Социальный кризис немного встряхнул страну в шестьдесят восьмом, но теперь все хорошо. Люди поднимаются с утра, собираются на работу, трудятся, возвращаются домой под песни Джо Дассена. И это создает пусть ложное, но ощущение стабильности. Это все отлично спланированная система утаивания истинного положения вещей. Другого плана, нежели в СССР, где людям просто ничего не говорят, но что-то схожее. Плохие новости нужно говорить Et si tu n'existais pas фоном, иначе провал, восстание, революция, переворот, армагеддон. Документальные киноленты о трагедии Хиросиме и Нагасаки — под Les Champs-Élysées. Расстрелянные вьетконговцы у нас хорошо проскочат под Si tu t’appelles mélancolie. Пока французу на уши льется такой бальзам, он и на расчлененку будет смотреть с благоговейной улыбкой. Почувствуй себя девушкой с плаката «Кока-Кола».

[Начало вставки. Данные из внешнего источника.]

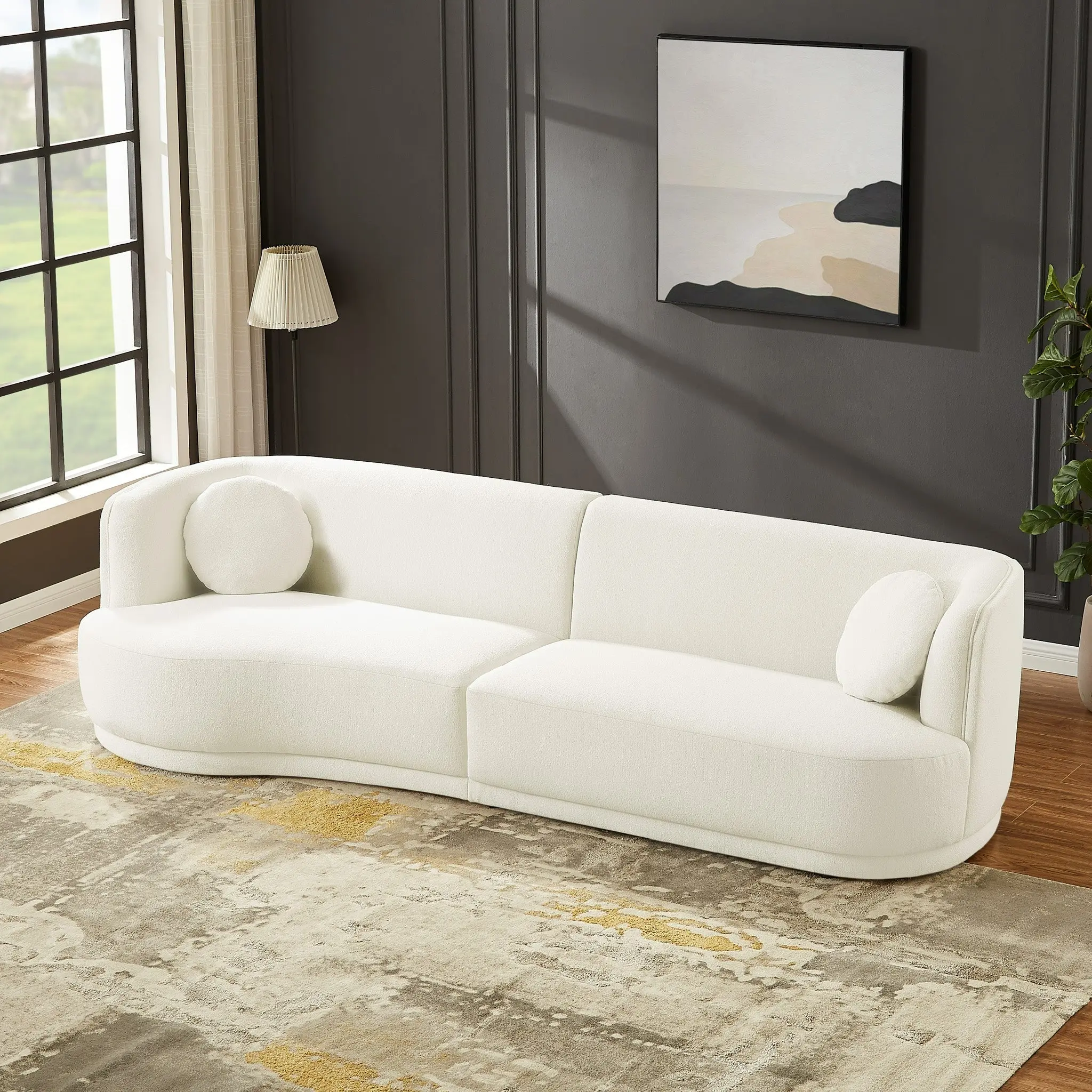 The Paris sofa inspired by mid century modern japandi style, rounded silhouette sofa. Wrapped in textured boucle fabric, brings modern style to any space. Crafted with a durable hardwood frame and spill-resistant upholstery, it arrives fully assembled for instant relaxation.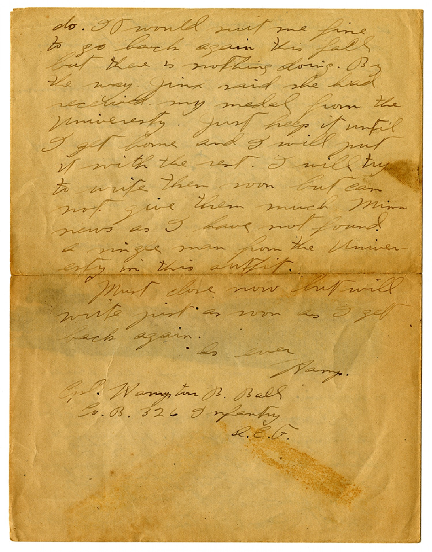 do. It would suit me fine to go back again this fall but there is nothing doing. By the way Jinx said she had recieved my medal from the university. Just keep it until I get home and I will put it with the rest. I will try to write them soon but can not give them much Minn news as I have not found a single man from the University in this outfit. Must close now but will write just as soon as I get back again. As ever Hamp. Cpl. Hampton B. Ball Co.B. 326 Infantry A.E.F.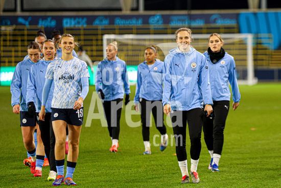 2871634 Jogadoras do Manchester City se aquecem durante a partida semifinal da Copa da Liga Feminina do Subway entre Manchester City e Chelsea no Estadio Joie em Manchester, Inglaterra. (Natalie Mincher/SPP)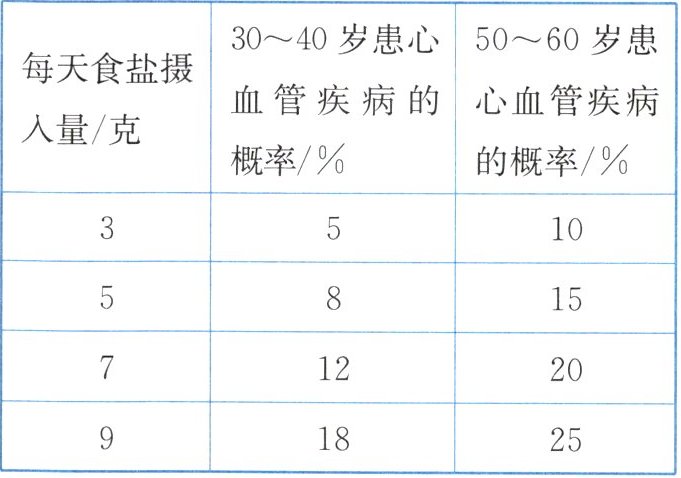 10. 下表所示为不同年龄段人群患心血管疾病的概率与每天食盐摄入量的关系。对于50~60岁人群,下列说法正确的是(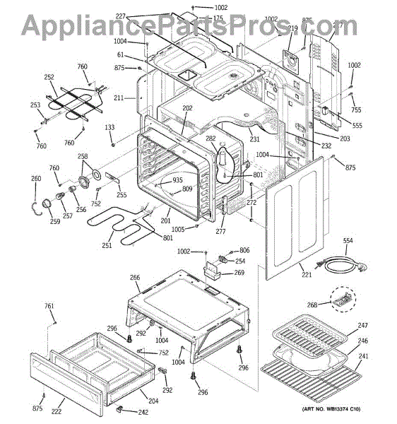 The Rear Door Support is an OEM replacement part for GE ranges. Located at the base of the range, this bracket provides weight-bearing support for the lower oven drawer. It facilitates smooth extension and retraction of the drawer. Causes of faulty support can include cracks or fractures developing over extended use, worn joints unable to sustain drawer weight, or misalignment from repeated opening/closing stress. Symptoms of a bad support include: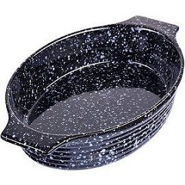 To je jedan od najsvestranijih dizajna, odlikuje ga okrugli oblik koji, zajedno s laganim ručkama, ima dimenzije od 24,3 x 18,8 cm, pri čemu treba obratiti pozornost na visinu bočnih koljena od 6,3 cm, što je dovoljno za pečenje velikih slastica. Glatka površina kućišta ravnomjerno se zagrijava. Kapacitet se može koristiti za smještaj ne samo u mikrovalnoj pećnici, već i u pećnici. Usluga u perilici posuđa je dopuštena. Minus dizajn - bijeli ukrasni sloj u unutrašnjosti, koji u nedostatku non-stick premaza zahtijeva posebnu pozornost tijekom njege.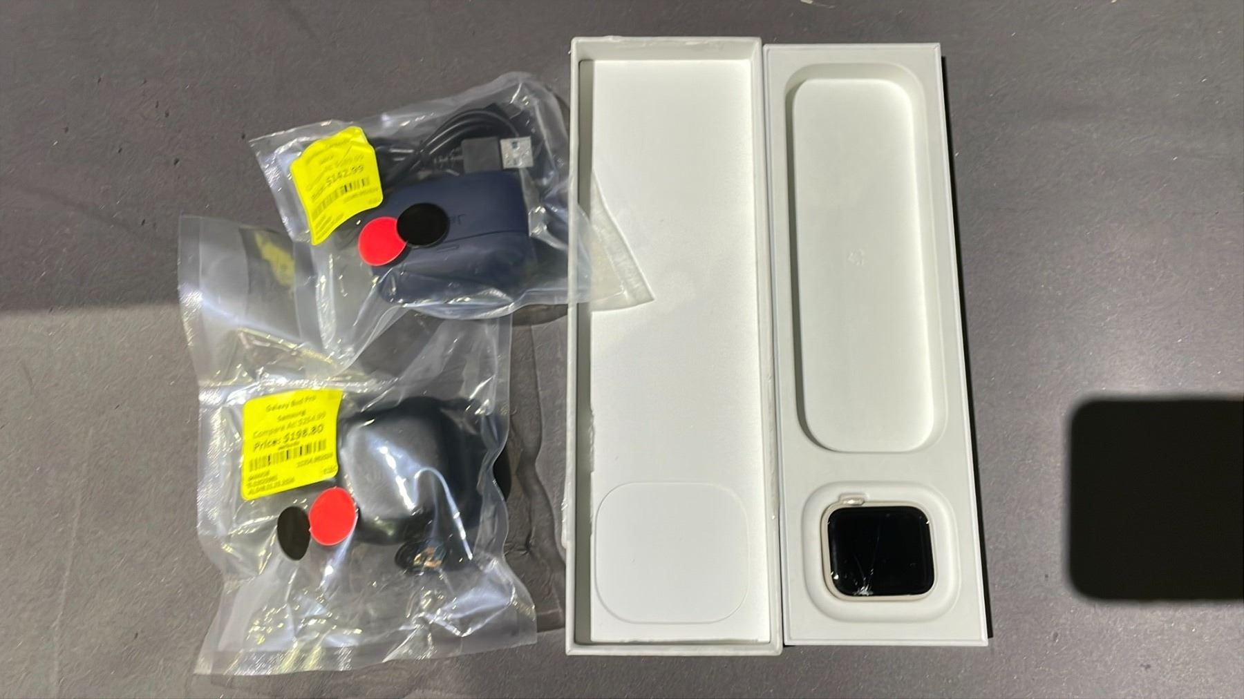 PAIR OF SAMSUNG EARBUDS, PAIR OF JABRA EARBUDS & APPLE WATCH (UNKNOWN WORKING CONDITION, MAY BE MISSING PIECES)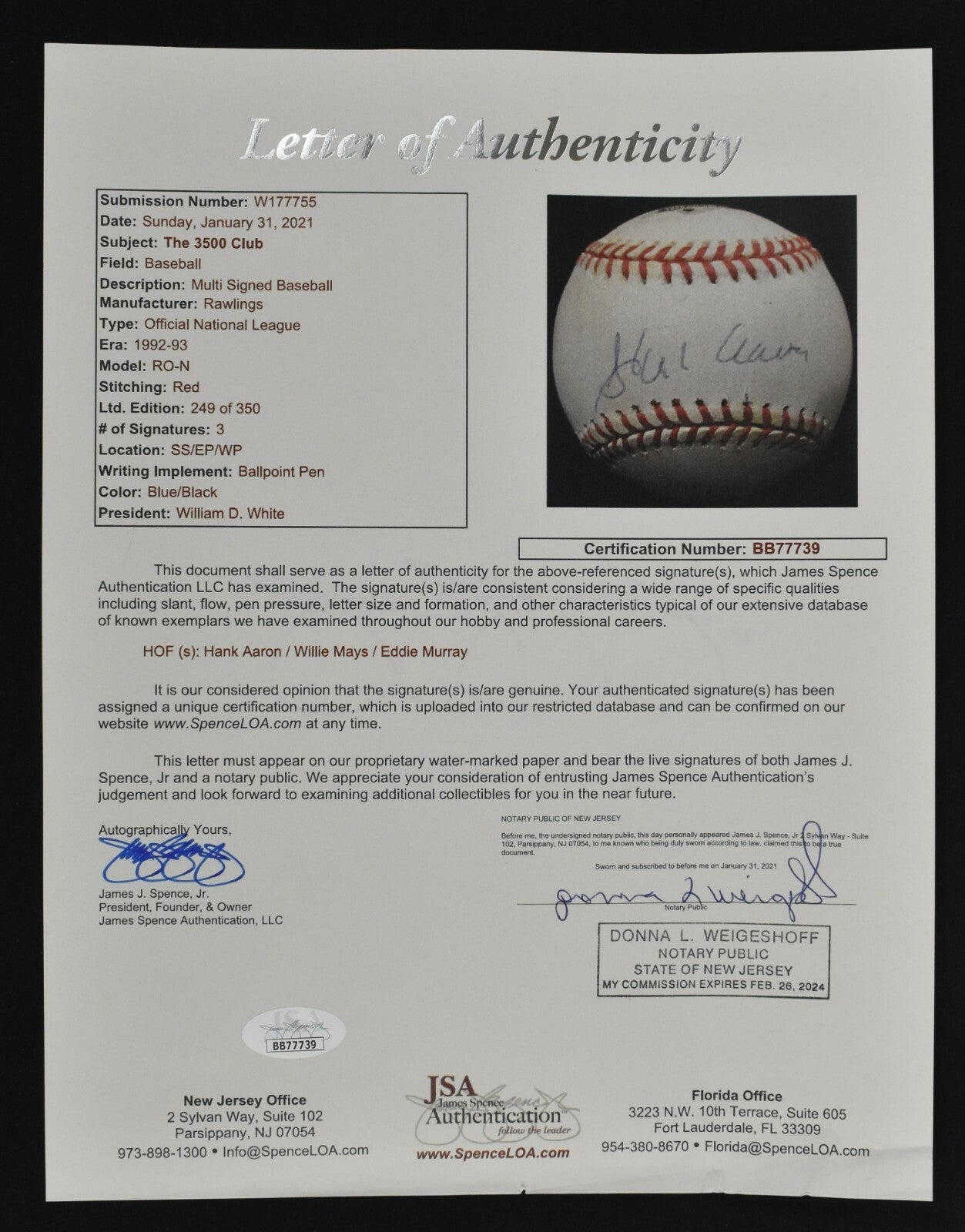 Willie Mays, Hank Aaron and Eddie Murray autographed limited edition 3,500 Club ONL William White baseball (3,000 Hits AND 500 HR's). Limited edition #249/350. Full letter JSA COA.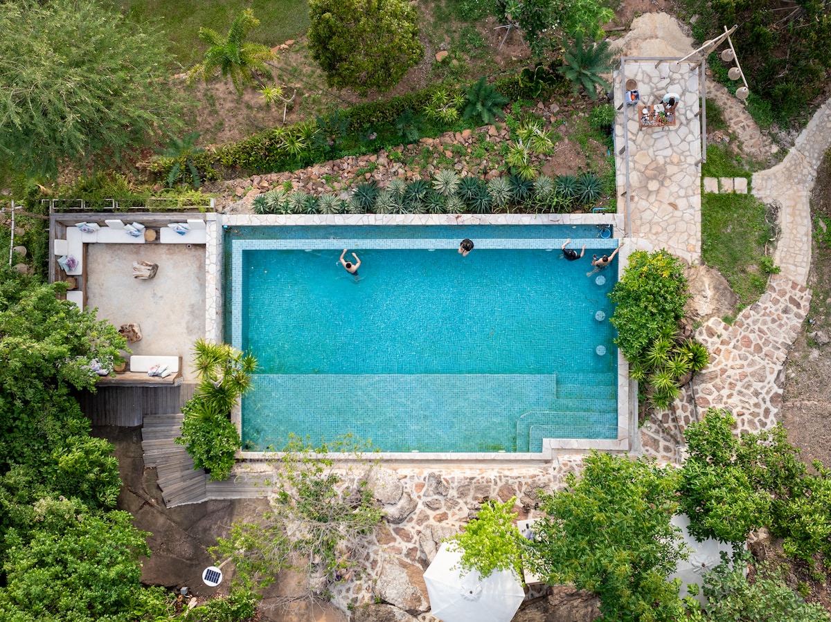 The sea view 1-bedroom house is located on a private, large and secluded area with its own private entrance This house is a place of peace and serenity, enjoy the large terrace overlooking the sea and koh samui either laying on sunbeds or you can relax in your own outdoor cargo net hammock. There’s also an outdoor shower where you are alone in the nature Follow a small path to enter the Cube House built integrating and respecting the nature and its huge rocks.

Все кажется "здорово, супер, отлично". Все носят счастливые лица. Я сам счастлив. С каждой сделанной затяжкой, с каждым кубическим миллиметром серого вязкого дыма, врывающегося в мои легкие, я становлюсь все счастливее и счастливее.
Теперь я в прокуренной квартире Артура. Он очень любезно пригласил меня к себе в гости. Я, «зажравшийся козел», «офисная муха» и «мистер Ложись-спать-в-девять-часов-вечера», как он меня ласково назвал, должен был увидеть… Эм-м, увидеть. Просто разуть свои глаза, снять с себя строгий пиджак, прямо на пороге квартиры собственноручно порвать его на две части, лечь в одежде в ванную… Что же мы потом делали?
Если за Артуром придут симпатичные месье из полиции (за распространение наркотиков и совсем немножко за то, что он мешает соседям), то наручники они вынуждены будут защелкнуть у него на талии. Он страшно похудел. И, судя по запаху, он отсюда уже не выходит уже чертову кучу времени!.. Впрочем, как и я. «Ушел в загул с соседом» — такая, казалось, ерундовая ситуация, с кем не бывает. Но один не появляется в Парламенте уже с месяц, а другой, менее деятельный (то есть, я), забыл отдать горничной ключи от квартиры… И теперь там умер кот. И рыбки. И протухли лилии, белые лилии, купленные самому себе по никакому поводу.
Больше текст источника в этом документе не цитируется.